Robert Kiyosaki Predicts Stock, Bond, Real Estate, and US Dollar Crash Due to Fed Rate Hikes
- The famous author of the best-selling book Rich Dad Poor Dad, Robert Kiyosaki, has warned that the Federal Reserve’s continued rate hikes will crash stocks, bonds, real estate, as well as the U.S. dollar. He expects the next crash to be the “$1 quadrillion derivatives market.”
- Raising interest rates will crash stocks, bonds, real estate, & $ U.S. dollar. Next crash: $1 quadrillion derivatives market. $1 quadrillion is $1 thousand trillion.
- Kiyosaki warned of bank runs before SVB failed, and spotted trouble at Credit Suisse.
- The “Rich Dad Poor Dad” author slammed the Fed for choking growth and eroding the US dollar’s value.
Full Story Robert Kiyosaki Predicts Stock, Bond, Real Estate, and US Dollar Crash
Robert Kiyosaki has issued a warning that soaring interest rates will lead to a collapse in asset prices. In a tweet on Thursday, the “Rich Dad Poor Dad” author stated that raising interest rates will result in crashes for stocks, bonds, real estate, the US dollar, and the derivatives market. The Federal Reserve raised its benchmark rate to over 4.75%, up from nearly 0% a year ago, in an effort to combat inflation.
However, higher rates discourage spending and raise borrowing costs, which reduces demand and increases the risk of a recession.

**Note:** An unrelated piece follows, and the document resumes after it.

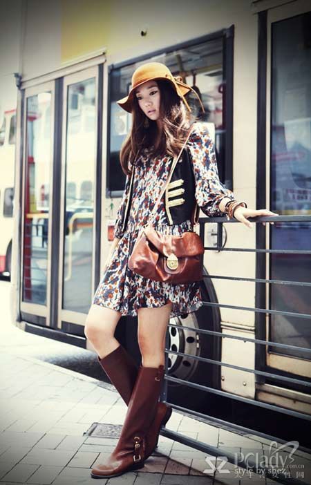潮流大热的连衣裙,一年四季都绝对不会过时,特有的一件式款式,既方便又可以更好的修饰我们的身材,使MM更加魅力无限。雪纺的材质舒适、轻便,随意折放,不用担心褶皱问题,外搭小马甲修饰更显精干,休闲长马靴潇洒帅气,大大的宽檐圆帽不仅可以起到很好的遮阳作用,又增添了可爱气质。
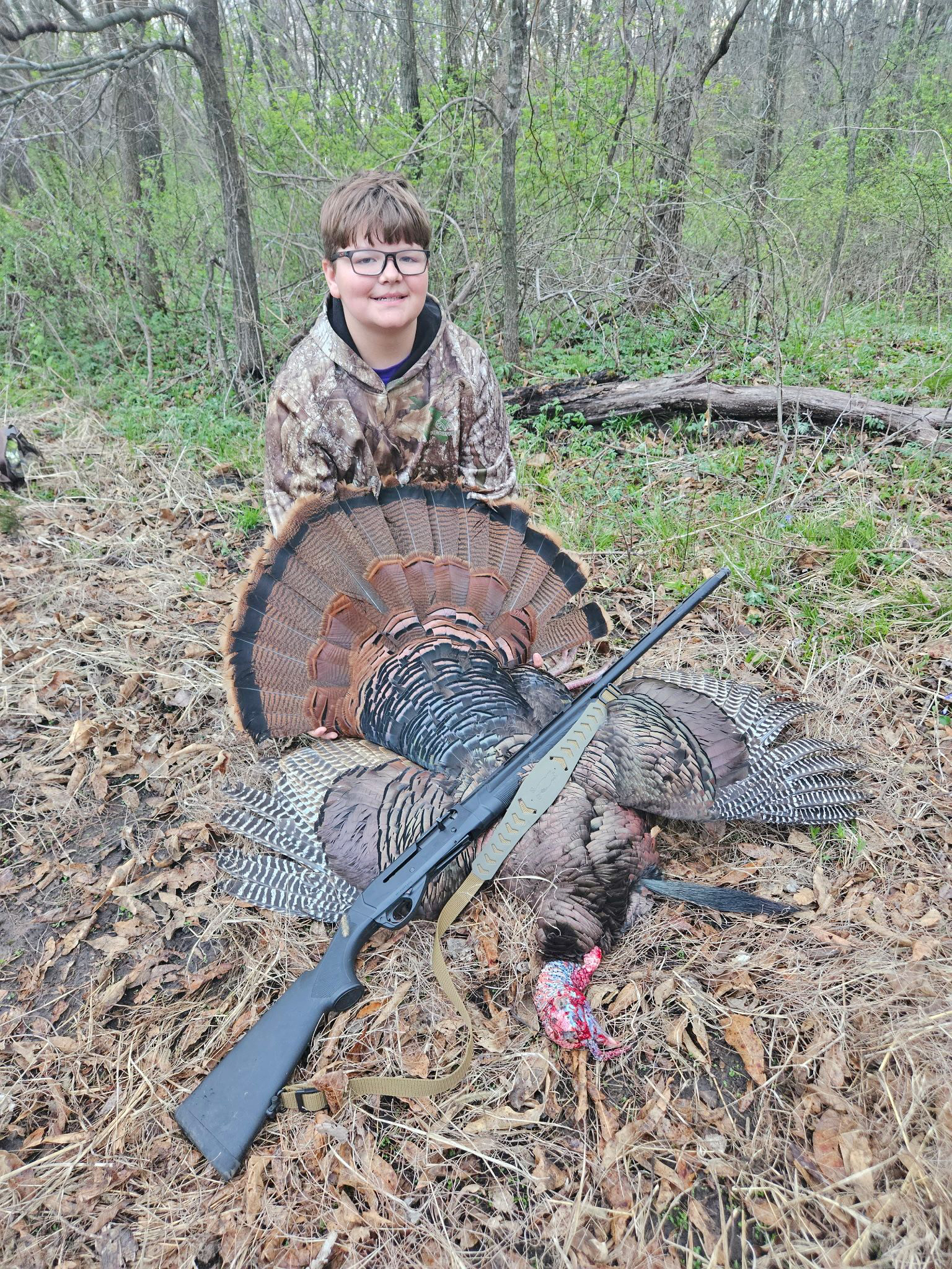 Beau Theis (age 12) got a big 25.5 pound gobbler with 10” beard and 1 1/4” spurs.

Kiyosaki has criticized the Fed for both raising rates and flooding the economy with money to avoid a crash, and he has recommended investing in precious metals and cryptocurrency as a means of hedging against soaring prices and a weakening US dollar.
In February, he tweeted that advising people to save money and invest in a diverse range of stocks, bonds, mutual funds, and ETFs is a risky recommendation. Instead, he still advocates for gold, silver, and bitcoin as the best options for unstable times, even though their prices may fluctuate.
For over 18 months, the founder of The Rich Dad Company has been warning of a massive recession and market crash. Although these predictions have yet to materialize, some of his recent comments have proven accurate.
He tweeted about the possibility of bank runs on February 28, just over a week before Silicon Valley Bank faced a surge of withdrawals and was taken over by the federal government. He also correctly predicted on “Cavuto: Coast to Coast” on March 13 that Credit Suisse would be the next bank to collapse, and a deal was brokered for UBS to acquire the troubled bank by the Swiss government over the weekend.
Robert Kiyosaki has been warning about the possibility of a crash in stocks, bonds, real estate, and the U.S. dollar for some time now. Recently, he discussed the looming “crash landing” and predicted that bank bailouts would follow the collapse of major banks, such as Silicon Valley Bank and Signature Bank. He has also been outspoken about the demise of the U.S. dollar, which he referred to as “fake money.”
Furthermore, the author has predicted that the world economy is on the brink of collapse, warning of potential bank runs, frozen savings, and bail-ins. In February, Kiyosaki made the dire prediction that “everything will crash.” He has also stated that we are currently in a global recession and has raised concerns about soaring bankruptcies, unemployment, and homelessness.
These warnings from Kiyosaki come amidst a backdrop of economic uncertainty and instability, with the ongoing COVID-19 pandemic having caused significant disruption to global markets and economies. While some may view his predictions as alarmist, Kiyosaki’s warnings serve as a stark reminder of the potential risks associated with investing and the need for proper financial planning and preparation in times of economic volatility.